Regardless of the values of the regression parameters, an exponential decay function has a constantly increasing slope. This means that the function decreases most steeply at the beginning and gradually becomes flatter as \(t \rightarrow \infty\). Thus, in the travel time decay context, this model is most useful for the modes and purposes for which value drops off rather quickly.

4.2 LOGISTIC REGRESSION

With one covariate, logistic decay regression takes the following form:

\[ d = \frac{1}{1 + e^{−(β_0+β_1t)}} \]

This can be re-expressed in the following way:

\[ d = \frac{1}{1 + αe^{−β_1t}}, \quad α = e^{−β_0}\]

Where:

  • \(t\) is trip duration (or generalized cost)
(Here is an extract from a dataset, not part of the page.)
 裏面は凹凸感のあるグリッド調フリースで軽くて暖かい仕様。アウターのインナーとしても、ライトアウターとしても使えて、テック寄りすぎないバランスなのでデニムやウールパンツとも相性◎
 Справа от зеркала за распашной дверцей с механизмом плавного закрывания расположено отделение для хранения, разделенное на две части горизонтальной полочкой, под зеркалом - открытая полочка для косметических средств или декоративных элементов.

  • \(d\) is the decay in value associated with \(t\)

  • \(\alpha\) and \(\beta_1\) together control the rate of decay for the regression fit. (\(\beta_1 < 0\) always for decay models)
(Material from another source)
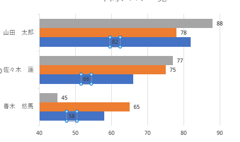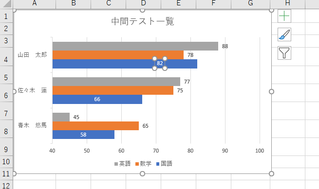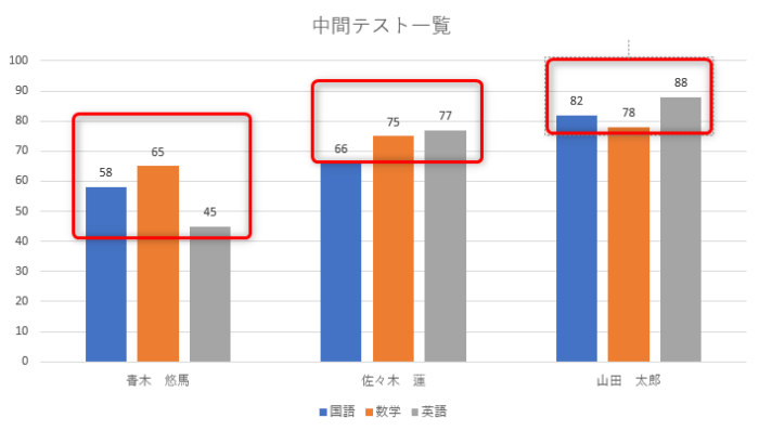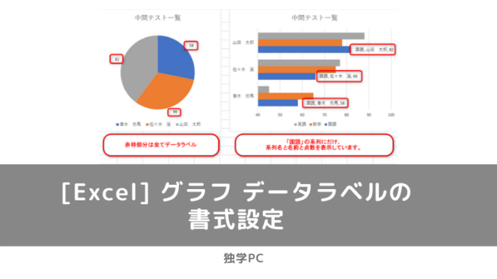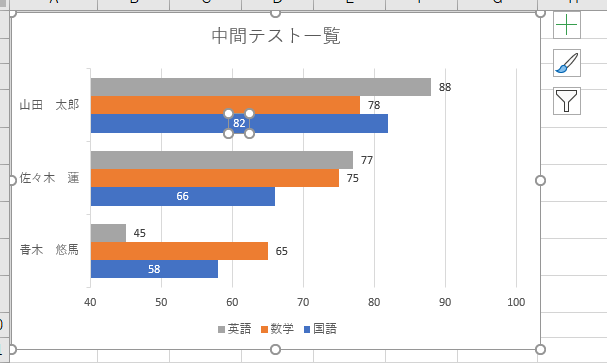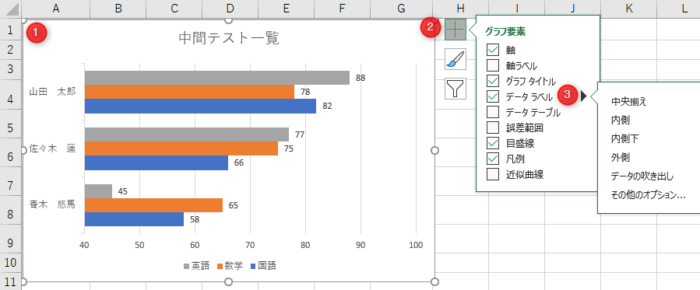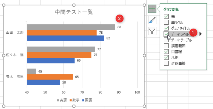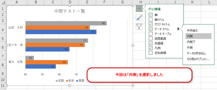 グラフを選択→[書式]→[グラフエリア]の下向き▼をクリック→「系列”国語”データラベル」をクリック
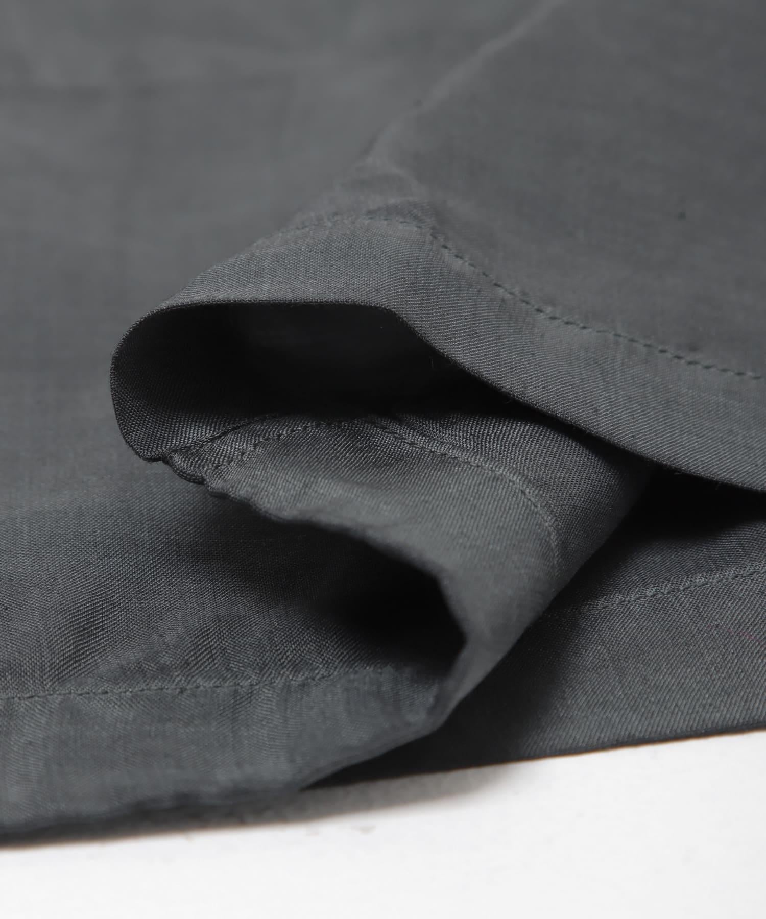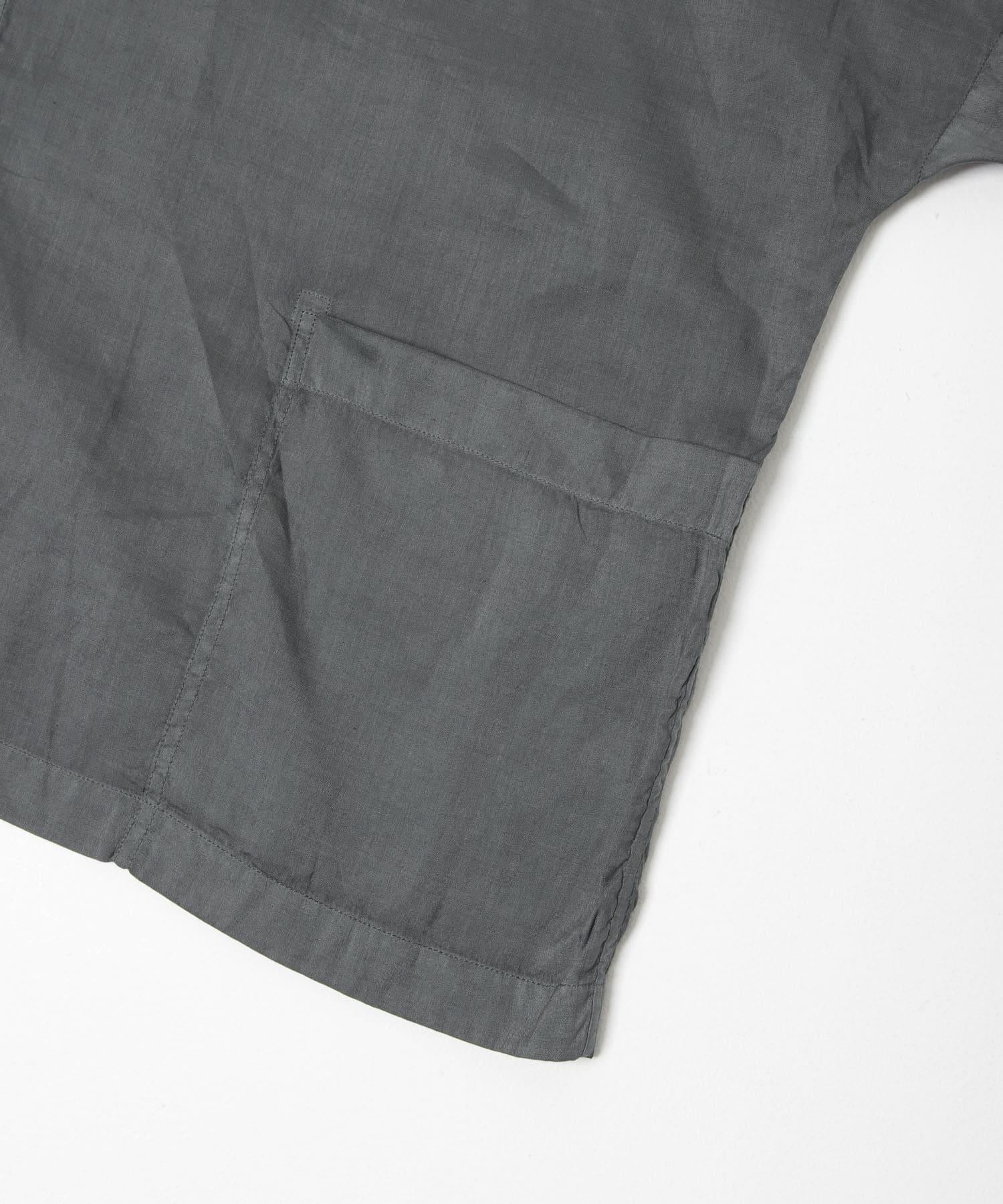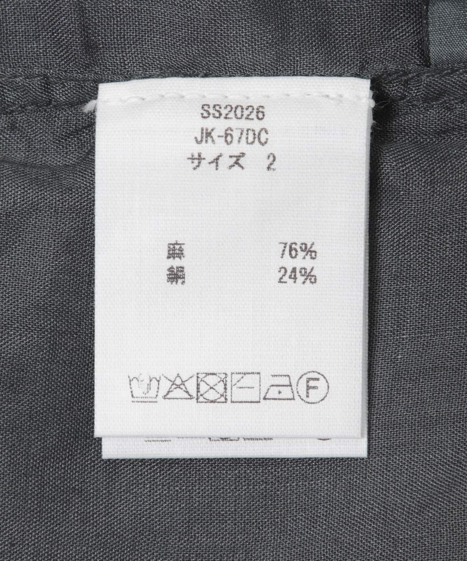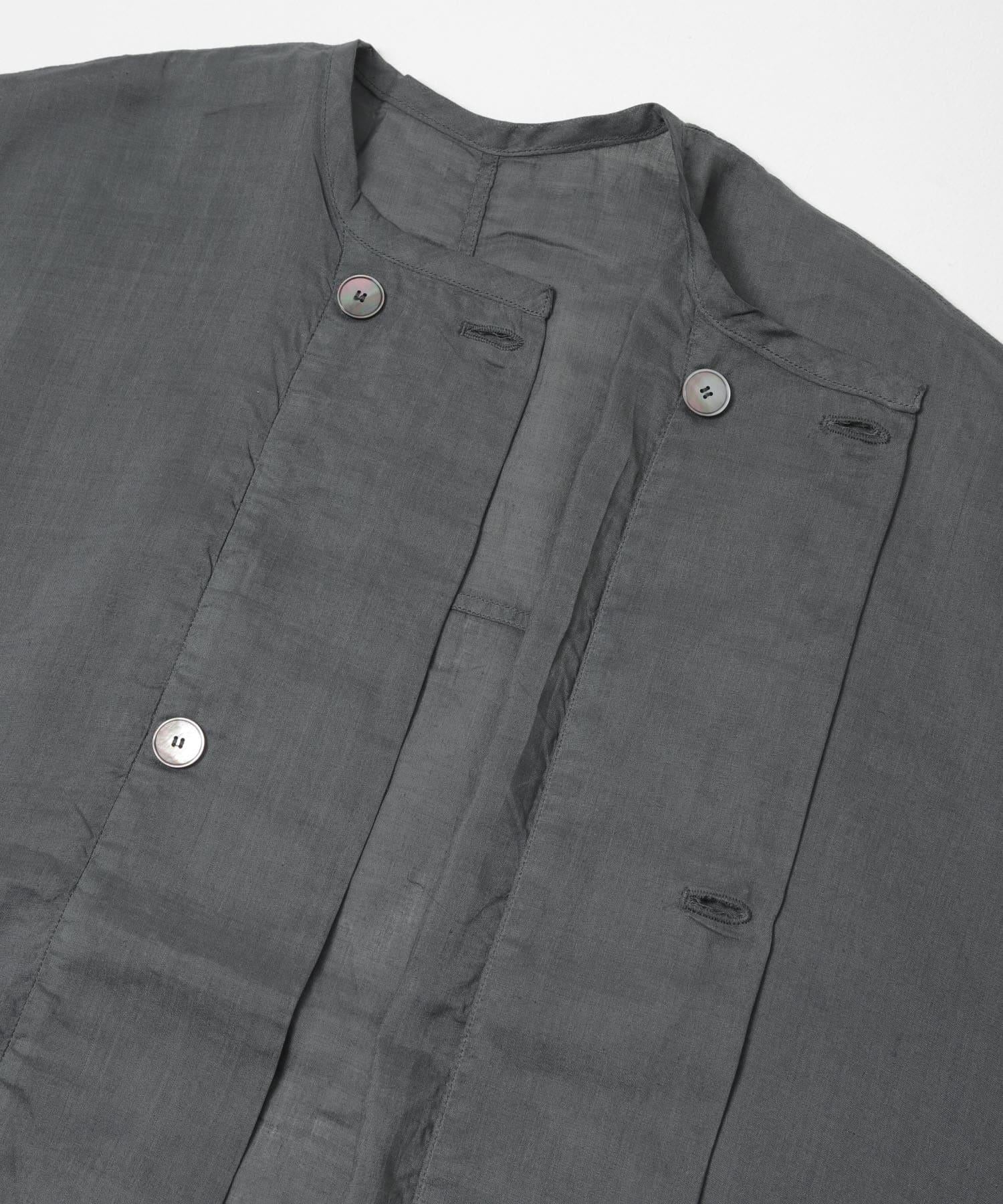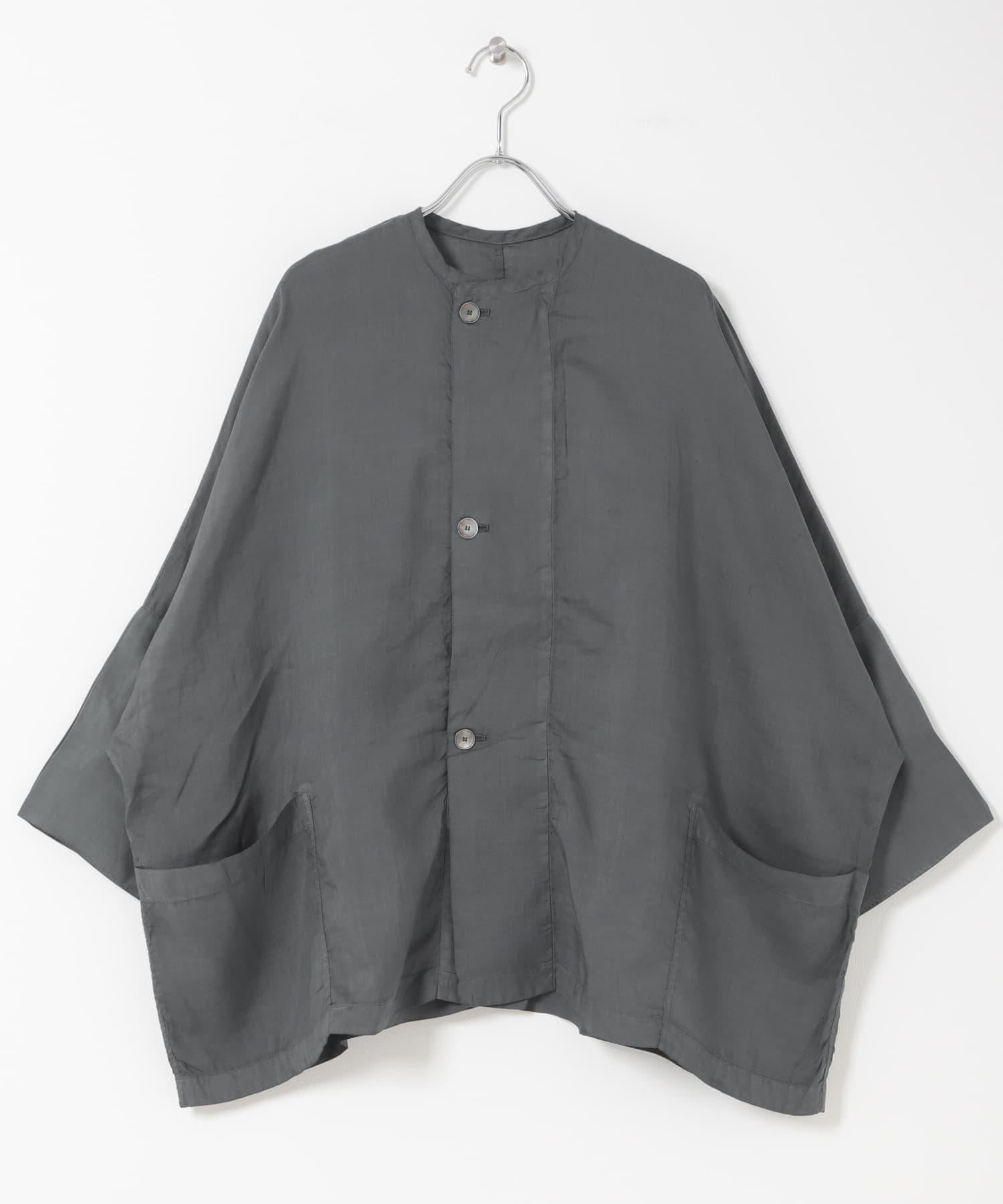 衣身非常寬大,整體輪廓寬鬆,無論裡面穿什麼都能穿。前緣採用大而深的重疊設計,即使打開紐扣,前部中心也不會張開太多,保持了簡潔的線條。雖然是夾克單品號,但輕薄的面料讓它像襯衫一樣輕盈,從春到秋的各種季節都能穿著舒適。紐扣採用貝類紐扣,是一種天然材料。

Regardless of the values of the regression parameters, an logistic decay function has a constantly decreasing slope to an inflection point, after which it is increasing. This means that the function decays slowly at the beginning before a steep drop-off. Thus, in the travel time decay context, this model is most useful for the modes and purposes for which value stays relatively high until greater trip durations.

4.3 MODEL SELECTION

Modeling was completed for time for all mode-purpose pairs, and for generalized cost when available (all WAT and DAT models). To fit the models, the sample response at time (or cost) \(t\) was calculated as \(\scriptstyle d_t = \frac{|trips \, of \,duration/cost > t|}{|total \, trips|}\) – in other words, the proportion of trips going longer or costing more than \(t\). Functional form for the model – exponential or logistic decay – was determined at the discretion of the analyst by plotting \(t\) against \(\hat{d_t}\) and observing the shape of the data. The plots for trip duration models are shown in Figure 1. The plots for generalized cost models are shown in Figure 2.
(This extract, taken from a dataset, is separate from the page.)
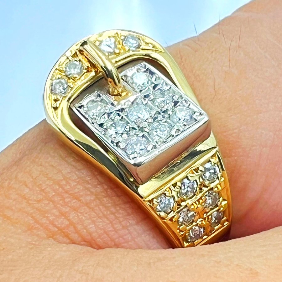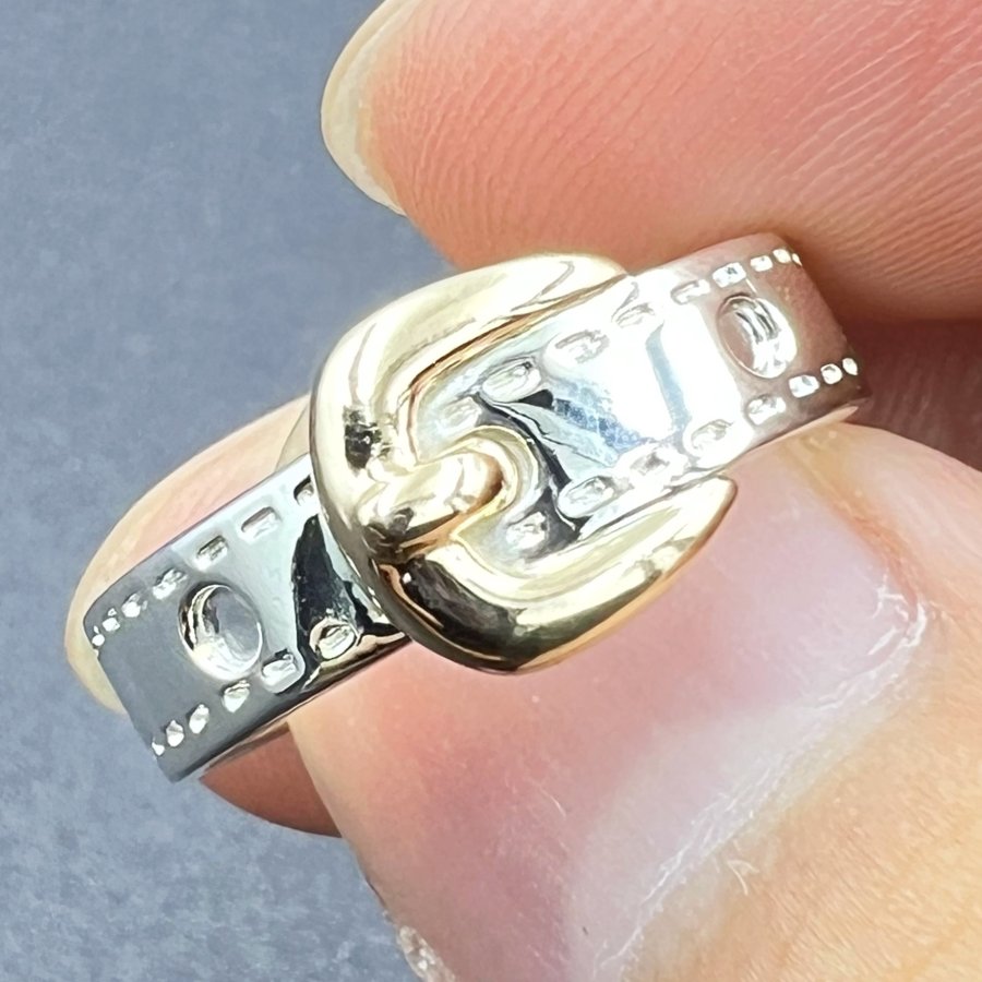 Nhẫn vàng 18k ốp bạch kim pt900 Nhật model Hermes mới tinh hoa văn sắc nét đính 26v soàn t
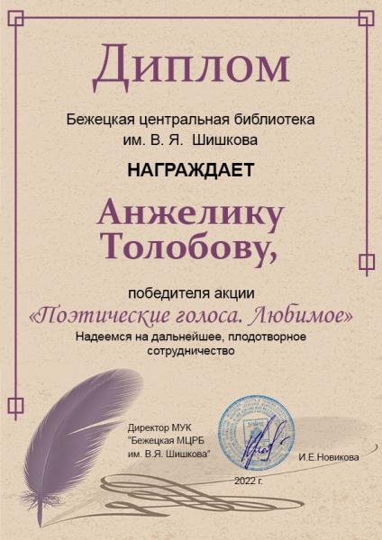 По итогам интернет-голосования победителем акции "Поэтические голоса. Любимое" стала Анжелика Толобова, ученица 11 класса МОУ "Гимназия №1 им. В.Я.Шишкова".

Figure 1: Data form for trip duration models

Figure 1: Data form for trip duration models


Figure 2: Data form for generalized cost models

Figure 2: Data form for generalized cost models

For the trip duration models, exponential decay was selected for all purposes for NM, SOV, and HOV modes; logistic decay was selected for all purposes for WAT and DAT modes. For the generalized cost models, logistic decay was selected for all models.

Because of some unusually high-valued trip times and generalized costs, all models were built on the set of values of \(t\) in a mode-purpose pair for which \(\hat{d_t} \geq 0.1\). This prevented the models from overfitting the right tail, which consisted of very low-probability, unlikely trips. Though this constrained the modeling set, it provided a more practical model by fitting to more common trips.

5 RESULTS

The model results are provided in Table 5, and resulting equations are provided in Table 6. The high \(R^2\) and low \(AIC\) values (for exponential and logistic decay, respectively) indicate that, over the constrained modeling sets, the fits perform quite well. Though using these models to predict very long or costly trips would be extrapolation because of the constraints on the modeling sets, these need for these types of predictions is minimal given the time and generalized cost for most trips.

Table 5: Exponential and logistic modeling results
Trip Measure Purpose \({\beta_0}\) \({\beta_1}\) \({R^2}\) \({AIC}\)
NM Time HBW 0.145 -0.064 0.986 NA
NM Time HBNW 0.033 -0.081 0.982 NA
NM Time NHB 0.004 -0.114 0.983 NA
HOV Time HBW 0.154 -0.048 0.993 NA
HOV Time HBNW 0.167 -0.073 0.989 NA
HOV Time NHB 0.085 -0.065 0.994 NA
SOV Time HBW 0.248 -0.044 0.982 NA
SOV Time HBNW 0.138 -0.078 0.986 NA
SOV Time NHB 0.037 -0.059 0.995 NA
WAT Time HBW 4.581 -0.085 NA 41.835
WAT Time HBNW 3.500 -0.072 NA 48.898
WAT Time NHB 3.304 -0.076 NA 46.802
WAT Generalized cost HBW 4.048 -0.201 NA 20.174
WAT Generalized cost HBNW 3.977 -0.239 NA 17.414
WAT Generalized cost NHB 3.791 -0.253 NA 17.027
DAT Time HBW 5.507 -0.072 NA 48.313
DAT Time HBNW 3.241 -0.037 NA 93.461
DAT Time NHB 4.503 -0.062 NA 55.387
DAT Generalized cost HBW 3.831 -0.113 NA 33.326
DAT Generalized cost HBNW 3.511 -0.118 NA 31.402
DAT Generalized cost NHB 3.122 -0.102 NA 37.257